> [WHAT IS BEING ASKED]:
Under this line is a listing; return exactly the lines starting at the one with "Habib Luthfi bin" and running down to the one with "DH.60X Moth operated", and leave out its pictures.

> [THE DATA]:
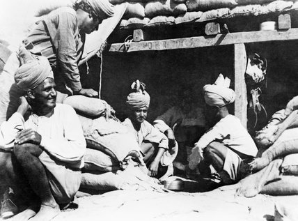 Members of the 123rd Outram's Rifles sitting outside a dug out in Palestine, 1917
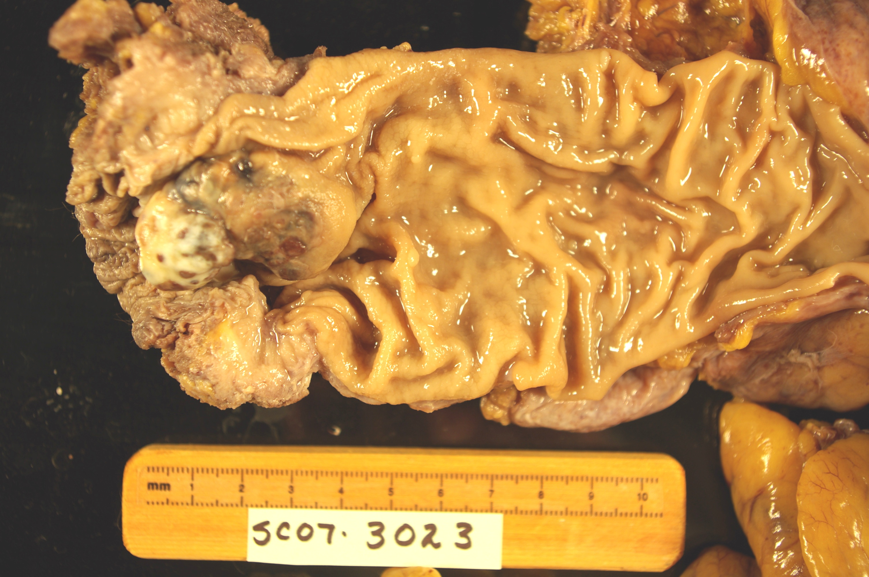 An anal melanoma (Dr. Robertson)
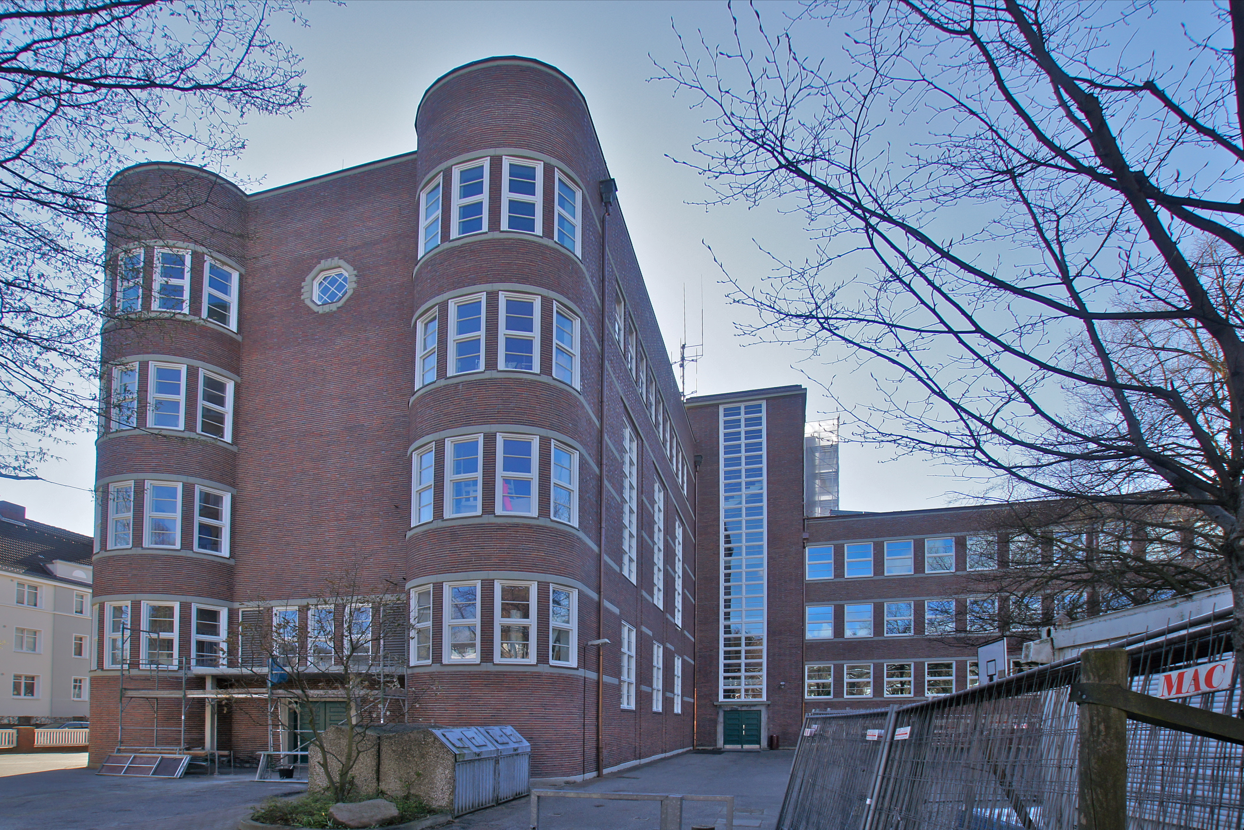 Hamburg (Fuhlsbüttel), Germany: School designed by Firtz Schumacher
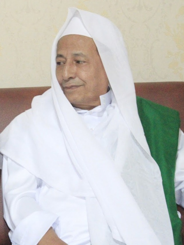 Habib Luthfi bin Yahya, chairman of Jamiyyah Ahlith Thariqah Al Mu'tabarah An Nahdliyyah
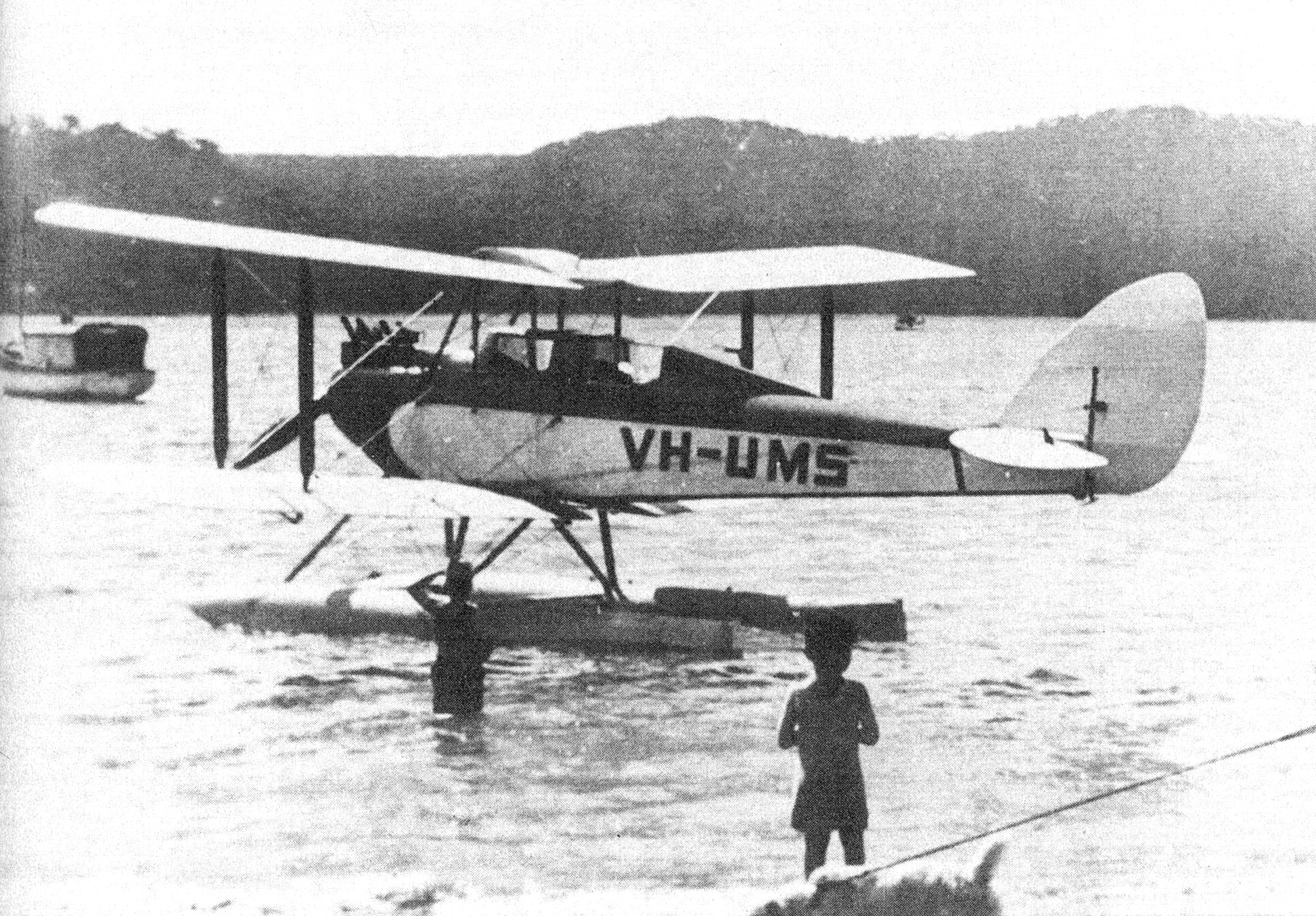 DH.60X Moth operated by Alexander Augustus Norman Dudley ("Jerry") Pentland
---
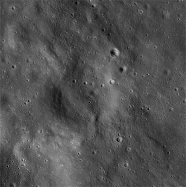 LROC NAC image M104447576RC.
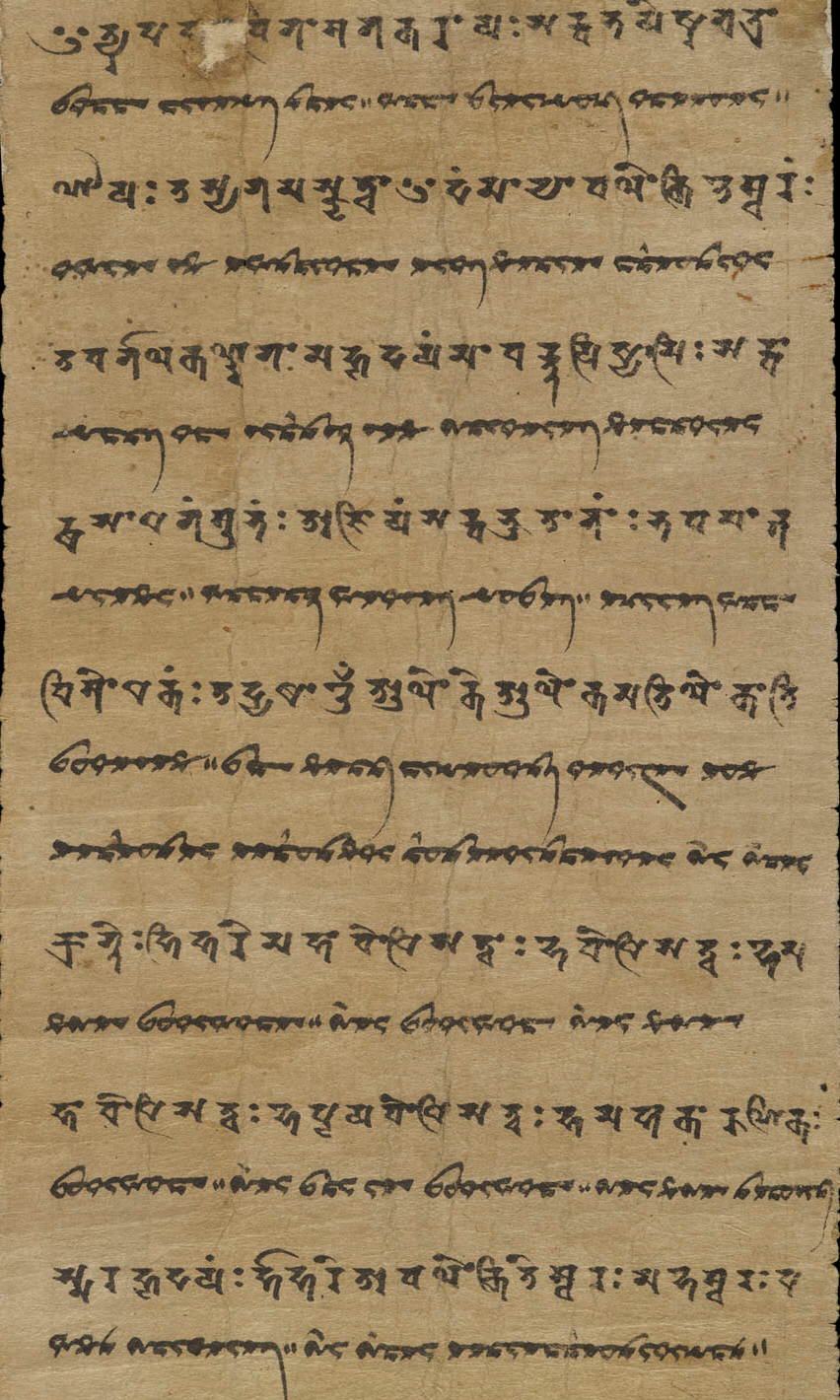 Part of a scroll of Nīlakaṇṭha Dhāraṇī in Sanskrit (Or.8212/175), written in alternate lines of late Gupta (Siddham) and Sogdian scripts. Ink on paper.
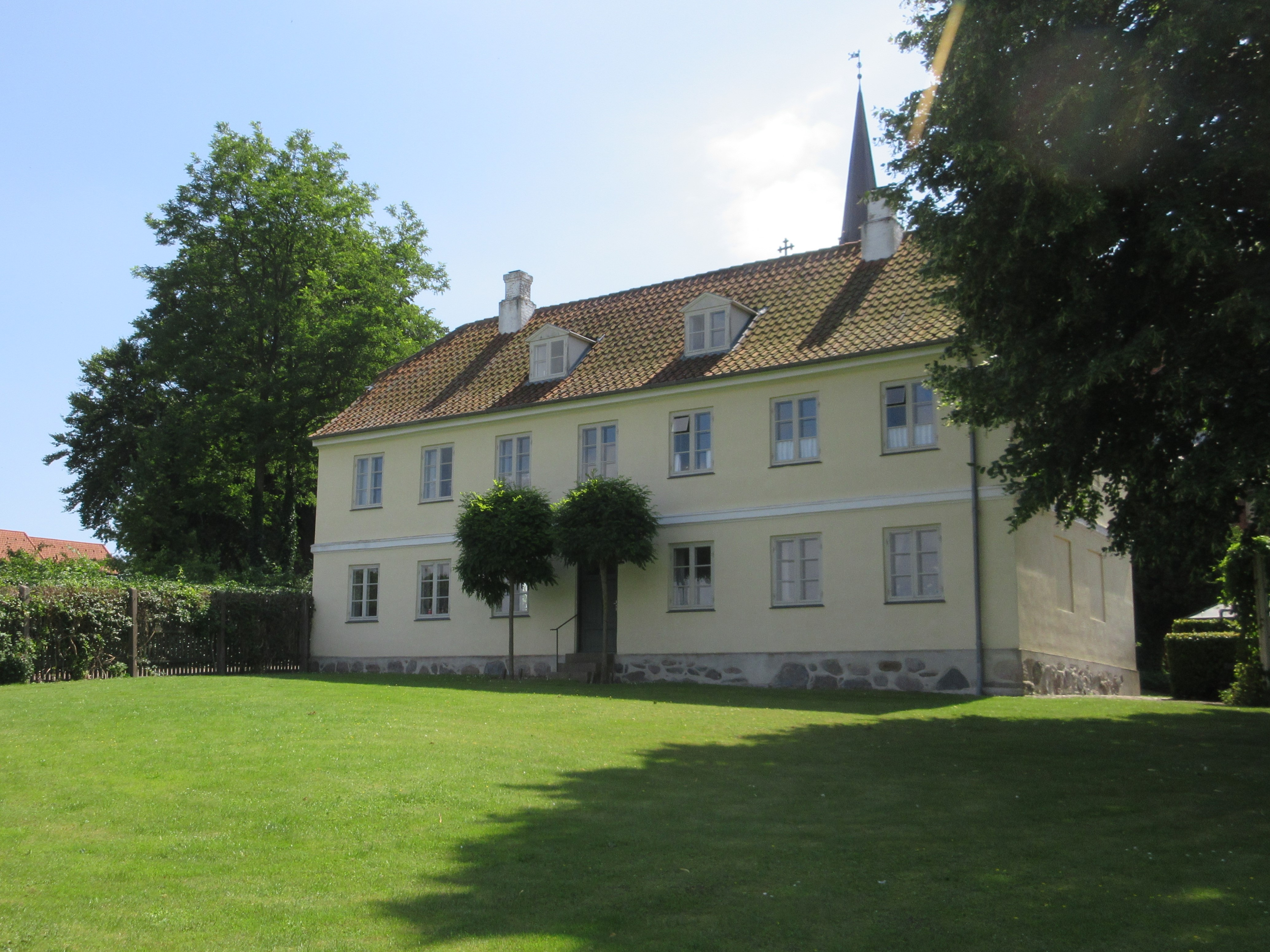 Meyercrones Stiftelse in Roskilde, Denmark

> [EXPECTED ANSWER]:
 Habib Luthfi bin Yahya, chairman of Jamiyyah Ahlith Thariqah Al Mu'tabarah An Nahdliyyah
 DH.60X Moth operated by Alexander Augustus Norman Dudley ("Jerry") Pentland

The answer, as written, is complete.